Güneşimiz gibi bir yıldız öldüğünde, sonunda beyaz bir cüce olur. Ama şimdi ortaya çıkıyor, nötron yıldızları daha önce inandığı astronomlardan çok daha büyük olabilir - ve kara delik yapmak çok daha zor olabilir.
Porto Riko'daki Arecibo Gözlemevi ile çalışan gökbilimciler, bir nötron yıldızının karadeliğe dönüşmesi için ihtiyaç duyduğunuz kütle sınırını artırdı.
Arecibo'dan bir gökbilimci Paulo Freire son araştırmasını Amerikan Astronomi Derneği'nin Kış toplantısında sundu, “bir nötron yıldızının merkezindeki konu son derece sıkıştırılamaz. Nötron yıldızlarının kütlesi hakkındaki yeni ölçümlerimiz, nükleer fizikçilerin süper yoğun maddenin özelliklerini anlamalarına yardımcı olacaktır. Ayrıca bir kara delik oluşturmak için daha önce düşünülenden daha fazla kütleye ihtiyaç olduğu anlamına gelir. Böylece, evrenimizde karadelikler daha nadir olabilir ve nötron yıldızları biraz daha bol olabilir.
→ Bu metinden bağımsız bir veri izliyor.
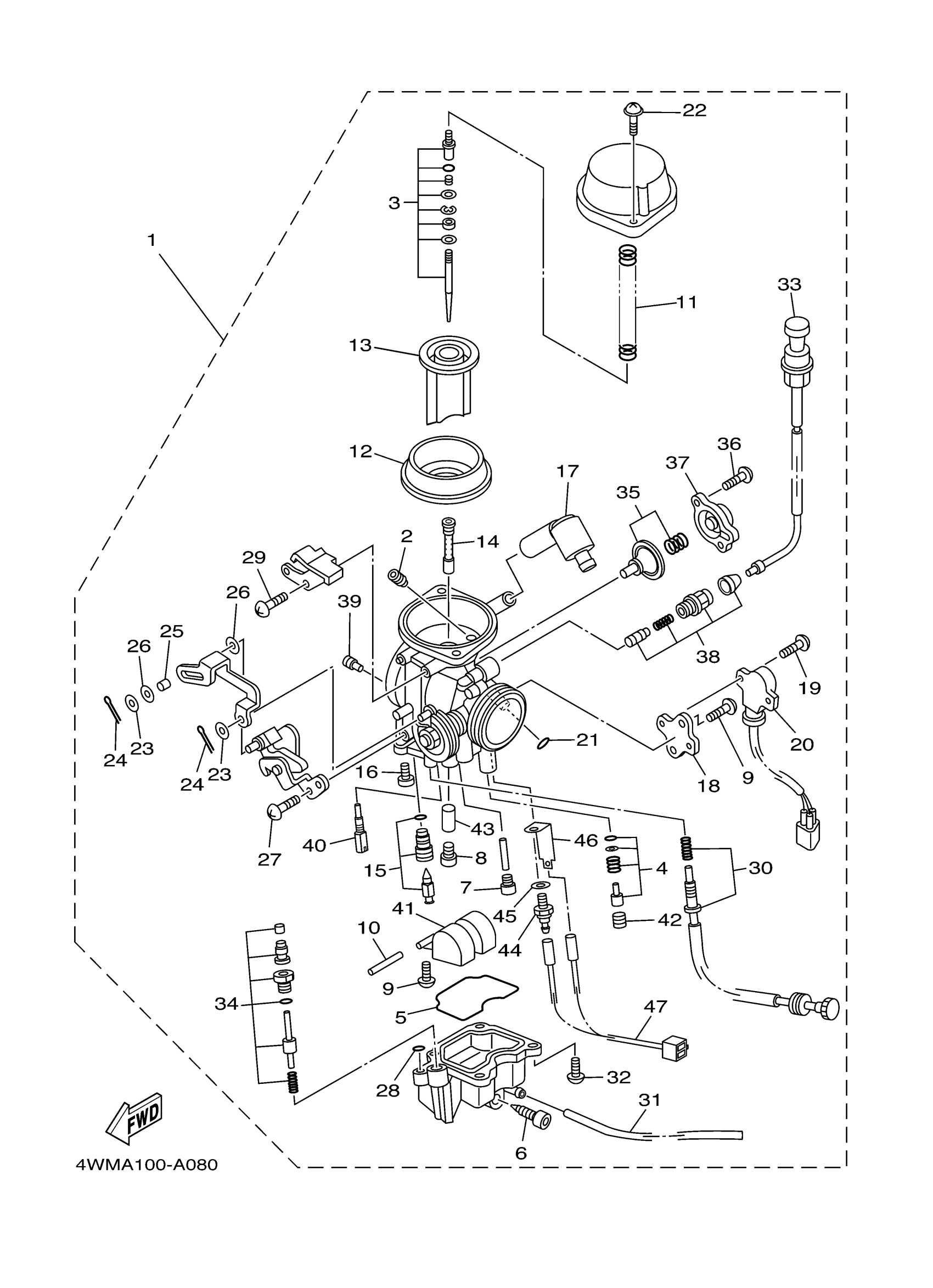 Yamaha XV1600ARC (ROAD STAR CA) 4WMH 2003 CARBURETOR Diagram
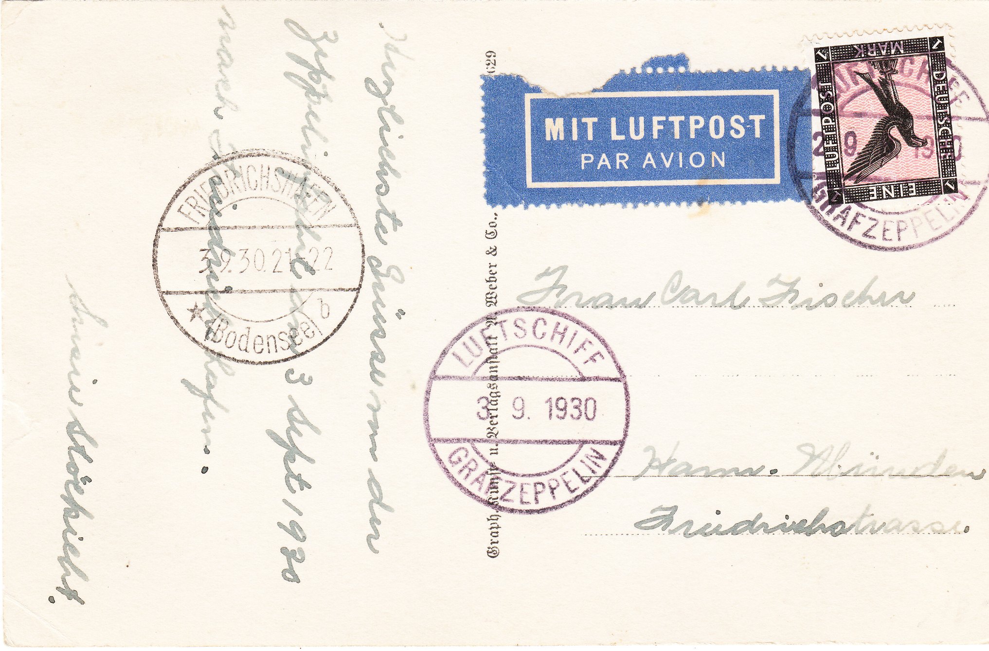 Dieser mit einer Mark frankierte Beleg wurde geschrieben von "Susie Stöckicht" als einem der 25 Passagiere des Luftschiffes "GRAF ZEPPELIN" und die Frankatur wurde am 02.09.1930 mit dem Bordstempel des Zeppelins entwertet. Die am 02./03.09.1930 durchgeführte Fahrt wurde durch einen weiteren Bordstempel am 03.09.1930 sowie einen Ankunftsstempel "FRIEDRICHSHAFEN 3.9.30. 21-22" dokumentiert:
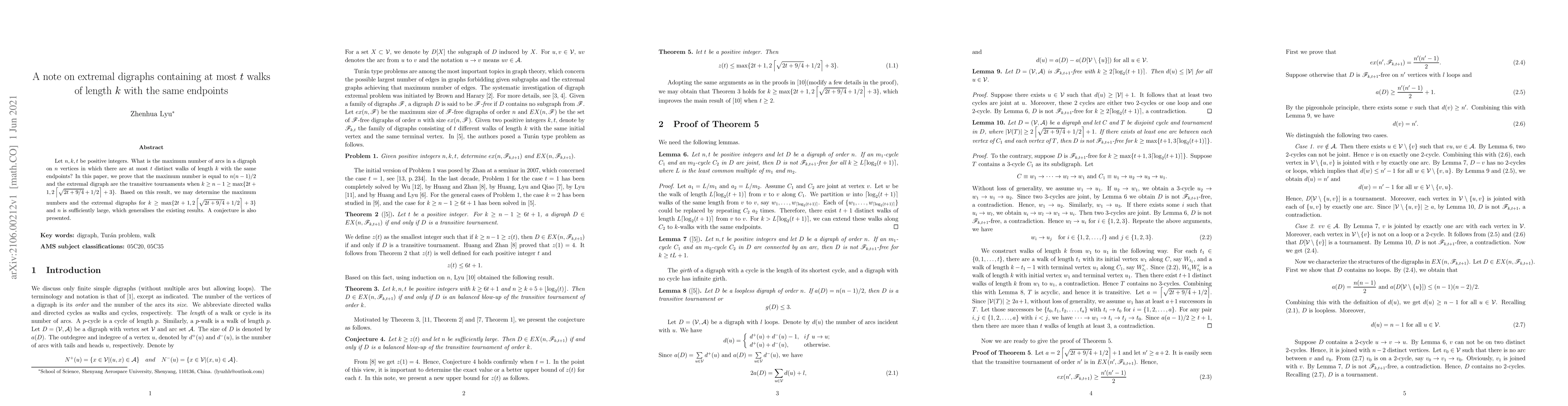 The research paper proves that the maximum number of arcs in a digraph with at most $t$ walks of length $k$ is $n(n-1)/2$, where $n$ is the number of vertices. The extremal digraphs for large $n$ are transitive tournaments when $k gtr n-1 gt ext{certain values}$.

Bu dev yıldızların yakıtı bittiğinde, çökerler ve sonra süpernova olarak patlarlar. Yıldızın çekirdeği anında bir nötron yıldızına sıkıştırılır; yaklaşık 10 ila 16 km çapında bir yarıçapa ve santimetre küp başına milyarlarca ton yoğunluğa sahip aşırı bir nesne. Bir nötron yıldızı tek bir dev atom çekirdeği gibi davranır.
Gökbilimciler, nötron yıldızlarının çökmek için Güneş kütlesinin 1.6 ila 2.5 katına ihtiyacı olduğunu düşünürlerdi - daha büyük ve bir nötron yıldızı elde edersiniz. Ancak Arecibo'nun yeni kanıtları bu sınırı Güneş kütlesinin 2.7 katına kadar zorluyor.
Bu hafif bir miktar gibi görünse de, aslında Evrendeki nötron yıldızlarının kara deliklere oranı üzerinde önemli bir etkisi olabilir.
Aslında, bilim adamları yoğun nötron yıldızlarının gerçekten ne kadar olabileceğini tam olarak anlamıyorlar ve aslında kara delik haline gelebilecekleri zaman, “nötron yıldızlarının merkezindeki konu Evren'in en yoğunudur. Atom çekirdeğindeki maddeden bir ila iki kat daha büyüktür. Ne kadar yoğun olduğunu bilmiyoruz, ”dedi Freire. “Bu nedenle şu anda nötron yıldızlarının ne kadar büyük veya ne kadar büyük olabileceği hakkında hiçbir fikrimiz yok.”